Завершить эту фразу ты должен сам. Есть только две возможности, и каждый входящий в синагогу выбирает одну из них. Если у тебя есть отец, лицо говорит тебе: «Твой отец — Бог».

И не важно, жив ли твой отец. Отец не умирает. Договариваясь о покупке земли для его могилы, высыпая на его завернутое в саван тело красноватую землю из мешочка, землю, собранную возле КПП на шоссе Модиин — Иерусалим, глядя на демобилизованных в пятнистой форме, швыряющих лопатами на гроб комья земли, и выкуривая сигарету, от которой выступают наконец слезы, — ты не остаешься без отца, ты просто репетируешь свою смерть. Человек перед тобой прыгнул. Теперь ты — первый к люку, и инструктор-кукушка уже начал свой мерный счет.

Но если ты безотцовщина, лицо на портрете, лицо Ребе, говорит: «Твой отец — я».

Портреты Каменского Ребе можно видеть на тысячах входных дверей, на обложках книг, на календарях и лобовых стеклах машин, на фасадах небоскребов, мусорных баках и спичечных коробках, но хасиды до сих пор спорят: вешать портрет Ребе в синагоге или нет.

Ехиэль не просто придерживался первого мнения.
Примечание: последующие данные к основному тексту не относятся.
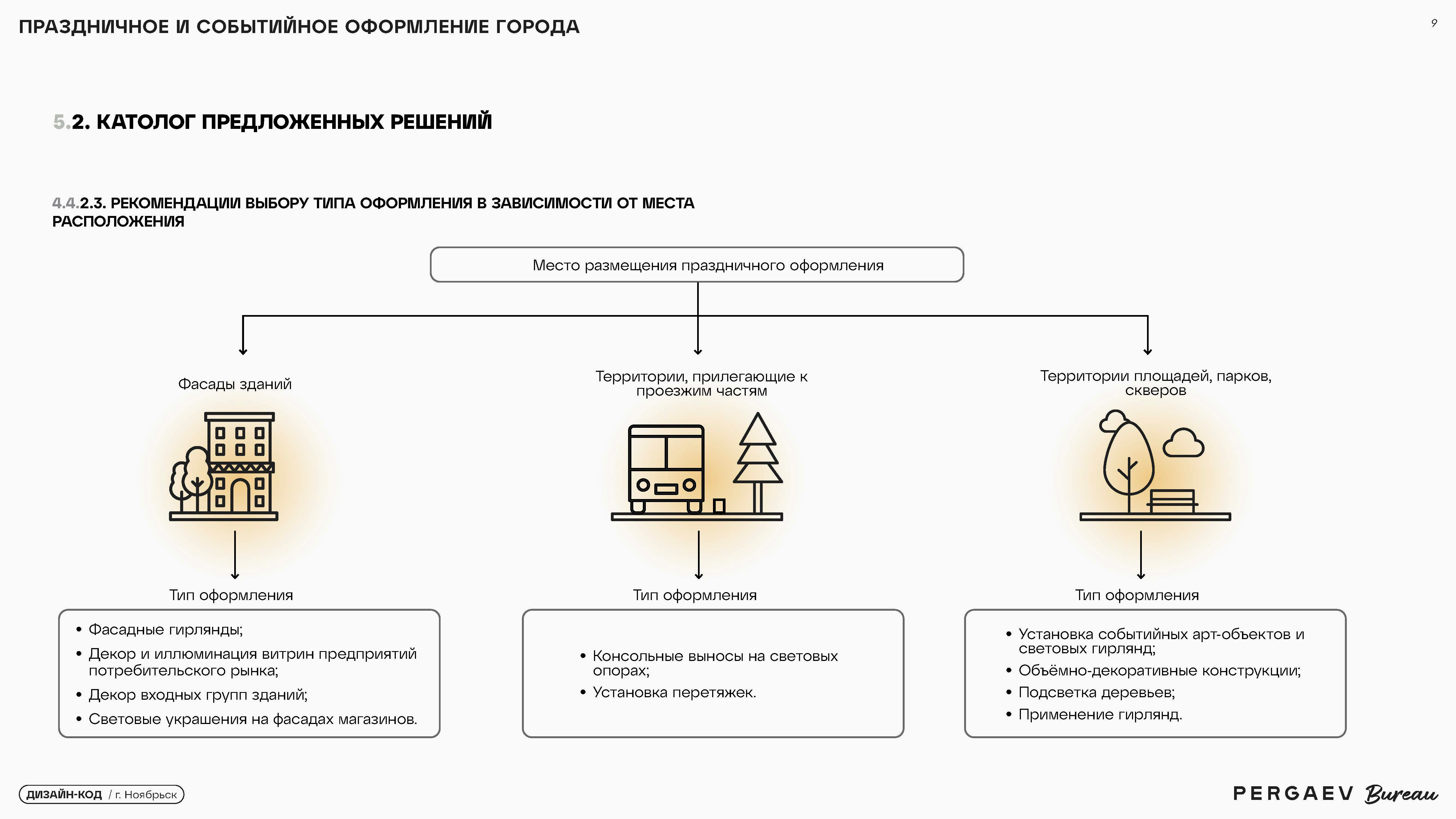 Выбор ключевых разделов основан на 7-летнем опыте работы Pergaev Bureau с объектами городской среды Ноябрьска.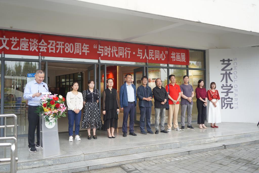 为纪念毛泽东同志《在延安文艺座谈会上的讲话》发表80周年,进一步深入学习贯彻习近平总书记在北京文艺工作座谈会上的重要讲话精神,5月31日,k1体育、陕南画院在江北校区艺术楼举办“与时代同行、与人民同心”——纪念毛泽东同志《在延安文艺座谈会上的讲话》发表80周年暨陕南画院第十期研修班作品展,陕西省美协顾问、安康美协主席李剑平,陕南画院经理章长青,安康美协副主席樊光矢,陕南画院书法院副秘书长梅向东,k1体育经理成党伟,总支书记黄娟,副经理鲍丽、孙海洋出席开幕式。k1体育师生100余人参加了活动。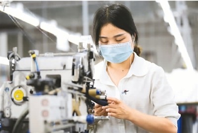 疫情发生以来,贵州省黔东南苗族侗族自治州锦屏县金融机构对辖区内企业加大资金投放力度,降低企业融资成本,激活企业活力。目前,锦屏县累计向辖区内企业发放贷款1.5亿余元。贵州飘雅服饰有限公司获得流动资金贷款,用于扩大产能需要。图为该公司工人在生产车间工作。 |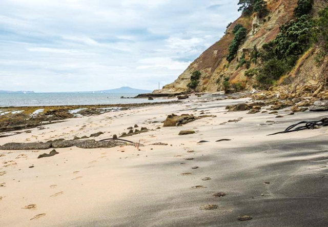 "粉红海滩"位于奥克兰北面约40多公里.旺阿帕劳阿东侧的莎士比亚公园内,是出海半岛的顶端.先看看公园卫星图.公园泊车区座林:36度36'05.81"S174度48'48.55"E由奥克兰的皇后亍转入1号公路北上再折东去.图片右上角是下滩的白楼梯.环绕半岛共有三个海滩.粉红滩是其中一个.细看才知,粉红色素来自贝壳,成千上万贝壳破碎后形成的.这令我想起了加州的玻璃海滩.莎士[

Он был весь первое мнение.

Мать Ехиэля, йеменская еврейка, девчонкой попала в Нью-Йорк, вышла замуж за торговца гашишем, родила Ехиэля и двух его сестер и погибла бы, как погиб ее муж, не пойди она работать на кухню в Каменскую ешиву, вместе с которой переехала в Белоруссию. Ехиэль вырос при дворе Ребе, в Камне. Ребе освещал его жизнь с пяти лет. Ехиэль считал, что его портреты нужно вешать везде. Но было еще одно соображение. Подсознательно или надсознательно Ехиэль мечтал, что через сорок-пятьдесят лет на дверях синагог, копилках, лобовых стеклах машин, на фасадах небоскребов и на спичечных коробках будет его собственное лицо.

Загрузка...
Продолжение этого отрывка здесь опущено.